ISAAC LERNER, ELI LERNER, BALLYWARD INVESTMENT COMPANY, LTD., JAIME SOHACHESKI, GASTON LIMITED, HOTEL INVESTORS, INC., PERKY LIMITED, ABRAHAM RAPPAPORT, ESTHER RAPPAPORT, MOSHE COHN, ESTABLISSEMENT SOMER, JOSEPH KOHN, CHANCERY ENTERPRISES, LTD., ROSDEV DEVELOPMENTS, INC., AND MICHAEL ROSENBERG, Plaintiffs,
v.
FLEET BANK, N.A., STERLING NATIONAL BANK AND TRUST COMPANY OF NEW YORK, AND REPUBLIC NATIONAL BANK OF NEW YORK, Defendants. BRUCE BAYROFF, JOSHUA GOLDSTEIN, LAND TECH AT MANALPAN LLC, THEODORE BRODIE, MEYER ROSENBAUM, MR ASSOCIATES LLC, ILANA BLUMKIN, AS TRUSTEE, EMDEE TOURS, INC., ALEXANDER HASENFELD, INC., PROFIT SHARING RETIREMENT PLAN, HASENFELD STEIN, INC, PENSION TRUST, AEG AGENCY, INC., AARON GARFINKEL, RIVKA STEIN, AARON Y. RUBINSON, STEVEN B. ROTHCHILD, P.C. MONEY PURCHASE PLAN, PINCHOS RUBINSON, AKIVA LEIMAN, ESTATE OF BORUCH RUBINSON, CHAIM AND RACHEL LEKOWITZ, NAFTALI AND SARAH LIPSHUTZ, MENDEL AND FEIGY LIPSCHUTZ, REISEL BERGSTEIN, MICHAEL KONIG, ESTHER WERTENTEIL, AARON WERTENTEIL, TEENA RUBINFELD, MARK WERTENTEIL, MORRIS AND SARAH FRIEDMAN, THE REGAL TRADE, S.A., VAVEL CORP., CHADWICK FUNDING CO. L.P., ALLEN SAUSEN AND LEONARD SAUSEN, D/B/A ATASSCO, KEREN HACHESED OF MONSEY, INC., GENEVA PROPERTIES, L.L.C., MT. PLEASANT PARTNERS, HERSCEL KULEFSKY, ALBERT DAVID PEARLS & GEMS, INC., DEFINED BENEFIT PENSION PLAN, CHAI PROPERTIES CORP., ARTHUR KURTZ, CRESFIELD ASSOCIATES, INC., WEINREB MANAGEMENT AND HOWARD MERMELSTEIN, Plaintiffs, v.

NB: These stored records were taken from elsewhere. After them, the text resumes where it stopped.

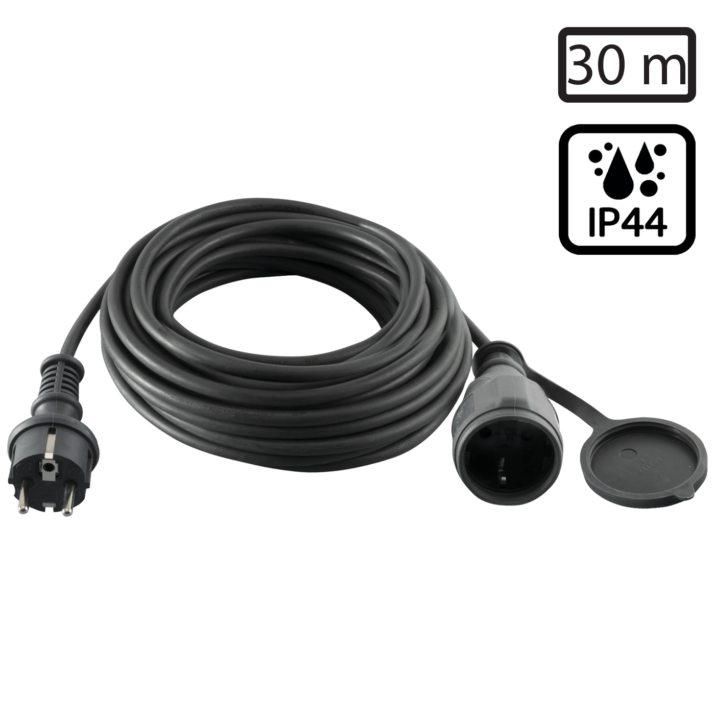 Produžni strujni kabel, 1 utičnica sa poklopcem, gumirani fleksibilni kabel, H05RR-F, 3 x 1,00 mm², utikač ravni, uzemljena utičnica, dužina kabela 30 met., 250 V / 10 A / 2300 W, IP 44 standard, boja crna
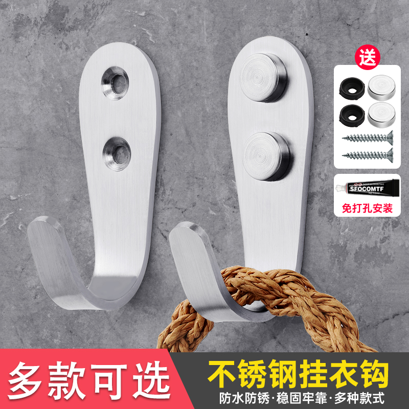 不锈钢免打孔挂钩强力承重粘胶挂衣钩子厨房浴室门后粘贴壁挂粘钩
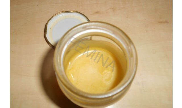 Smesu je neophodno stalno mešati do potpunog rastvaranja voska. Kad smesa postane homogena kapnite je na površinu stola i ohladiti. Mast je spremna, ako ima konzistenciju kreme.
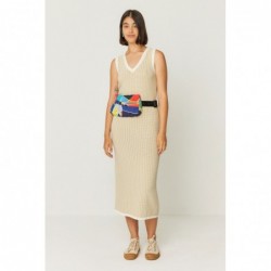 Heuptasje van geplooide stof. Cilindrisch van vorm, met verborgen ritssluiting en verstelbare nylon band. Afmetingen: 25,4 x 5,2 cm.

FLEET BANK, N.A., STERLING NATIONAL BANK AND TRUST COMPANY OF NEW YORK, AND REPUBLIC NATIONAL BANK OF NEW YORK, Defendants.

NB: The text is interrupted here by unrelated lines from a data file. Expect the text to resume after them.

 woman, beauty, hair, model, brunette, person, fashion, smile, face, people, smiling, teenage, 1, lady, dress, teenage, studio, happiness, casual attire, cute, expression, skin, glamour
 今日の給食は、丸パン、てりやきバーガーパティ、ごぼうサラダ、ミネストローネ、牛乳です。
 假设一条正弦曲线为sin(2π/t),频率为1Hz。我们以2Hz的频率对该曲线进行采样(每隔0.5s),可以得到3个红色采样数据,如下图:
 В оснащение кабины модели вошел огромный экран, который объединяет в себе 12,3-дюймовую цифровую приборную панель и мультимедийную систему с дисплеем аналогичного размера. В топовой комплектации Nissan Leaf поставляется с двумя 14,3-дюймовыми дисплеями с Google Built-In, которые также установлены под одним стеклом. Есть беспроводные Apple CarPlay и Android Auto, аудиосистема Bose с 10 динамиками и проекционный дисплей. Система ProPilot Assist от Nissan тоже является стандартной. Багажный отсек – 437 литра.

The opinion of the court was delivered by: FREDERIC BLOCK, District Judge

MEMORANDUM & ORDER

Action #1

  Action #2

  Plaintiffs in two companion actions are investors who were defrauded into giving millions of dollars to David Schick ("Schick"), an attorney and businessman; Schick deposited a portion of those funds into escrow accounts held by defendants Fleet Bank, N.A., Sterling National Bank and Trust Company of New York, and Republic National Bank of New York (collectively "defendants" or "banks"), and thereafter drew numerous checks from those accounts at times when there were insufficient funds to cover the checks. Plaintiffs claim that defendants are liable for plaintiffs' losses because they failed to report the bounced checks to the Lawyers' Fund for Client Protection of the State of New York ("Lawyers' Fund"). Plaintiffs contend that, as a result, Schick was permitted to perpetuate his scheme for a protracted period of time; i.e., had the banks reported the insufficient funds, Schick's fraudulent scheme would have been revealed earlier and plaintiffs' losses would have been curtailed.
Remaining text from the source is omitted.